I think this question may have come up before but I have not been able to locate a clear or clean answer which properly addresses the situation. Given the likelihood for how common this operation must be I can't help but feel that there must be a good way to do this without layers of complexity.
Scenario:
I have a storage account container into which an application is sending data files at varying rates. If the application is experiencing demand it may push a data file into that container once a minute. If the application is not in demand the data files may be written one every couple of minutes. In either extreme for the scenario the metadata for the file is the source of truth: the latest file, the one I need to process, has the most up to date last modified time in the meta data.
The patterns I see for 'getting' the latest file all require you to get the metadata.childitems of the container, then link that to a foreach which then gets the metadata for each file in turn, this time you can get at the last modified property. It is also possible to filter that with the filter by last modified 'Start time' and 'End time'.

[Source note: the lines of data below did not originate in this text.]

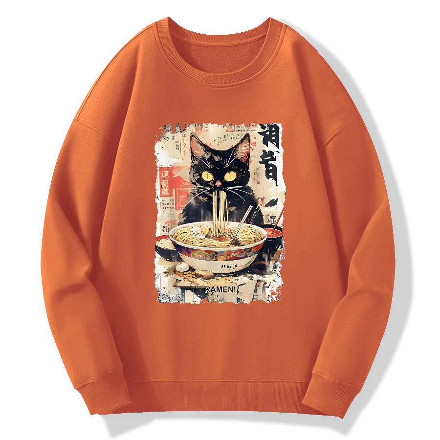 The retro style black cat likes to eat Lamian Noodles Cotton Pullover Sweatshirt
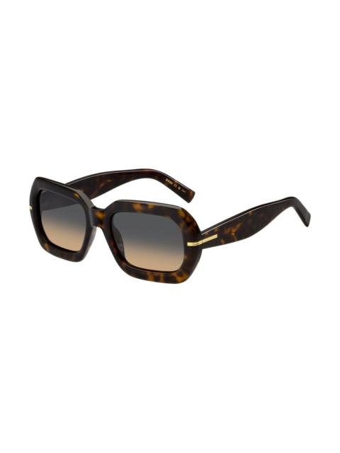 DETAILS BOSS 1732/G/S08654PR - 58138220 With gold-tone hinges bringing a touch of luxury, these BOSS Womenswear sunglasses are a statement choice. Crafted in chunky acetate with a rich pattern. Front material: Acetate Temple material: Acetate Hinge type: Regular Lens material: Polyester Size lens: 2.13 in (54 mm) (0 inches) Size bridge: 0.79 in (20 mm) (0 inch.) Temple Length: 5.7 in (145 mm) (0 inches)
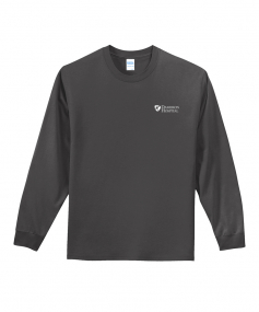 6.1 Oz., 100% cotton with coverseamed neck, shoulder-to-shoulder taping, rib knit cuffs and double-needle hem. Complies with Prop 65.
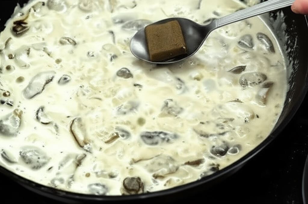 Przygotowany sos dopraw do smaku kostką Bulionu grzybowego Knorr.
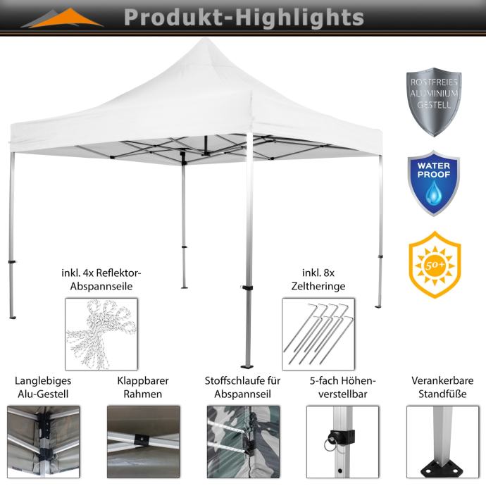 MAKSIMALNA STABILNOST I FUNKCIONALNOST: Ekstra jake teleskopske noge (30 x 30 mm), robusni okvir u obliku škara (23 x 12 mm), povećane noge, ekstra stabilni zglobni spojevi, 5-struko podešavanje visine od 310 - 340 cm (prostor za glavu 177 - 207 cm ), visokokvalitetni klik sustav s zaključavanjem vanjskim zasunom s prstenom za povlačenje, integriranim središnjim zateznim stupom kao potporom krova za dodatnu stabilnost i visinu
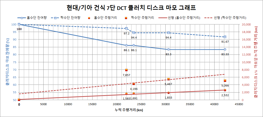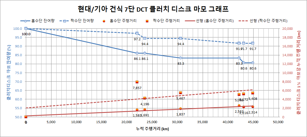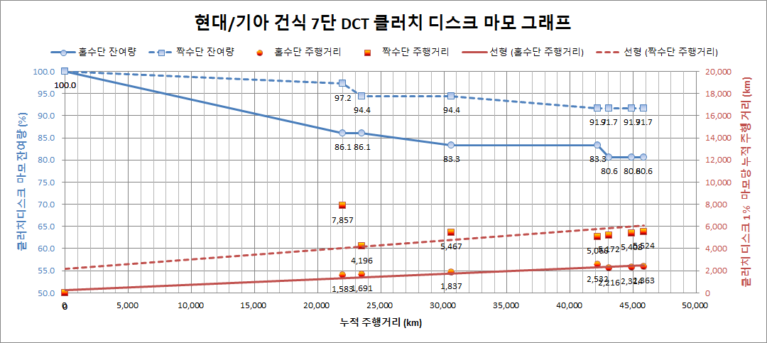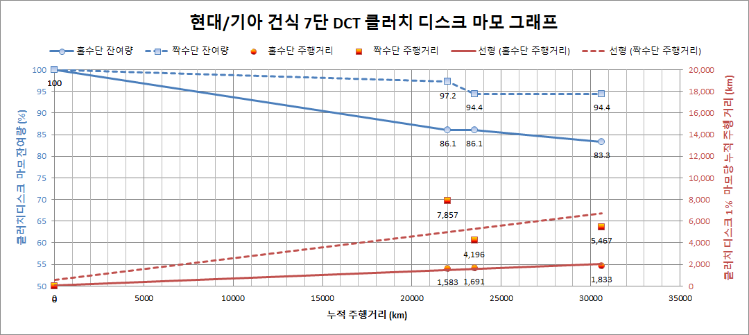 - 짝수클러치: 97.2 % (1 % 당 7,857 km 주행, 50 % 도달 시 392,857 km 주행 예상)

This pattern does not seem to work for me because if the application is busy and I am using that filter to return files from E.g. the last two minutes I may well get back two or even three files. I need to use the last couple of minutes as a window because if the application has not been busy then I need that window to catch the last single file (which might have been two minutes ago).
I thought that the filter activity, would have provided a 'sort' function to allow me to at least sort the files that I get back (from the two minute window) then select or filter-in the latest one, but that does not seem to be possible.
Fundamentally, all I am looking for is a solid pattern for getting the single newest file in that container - surely that is a common use case?
At the moment, I am thinking it may be necessary for the pipeline to call a function app which does the work of locating the file I need, then renaming it. That way all Datafactory would need is a dataset pointing to that filename - but I can't help but feel accomplishing something this simple should be do-able in Datafactory itself without having to make a function app (just for that).
I would be very grateful for any suggestions on how this can be accomplished.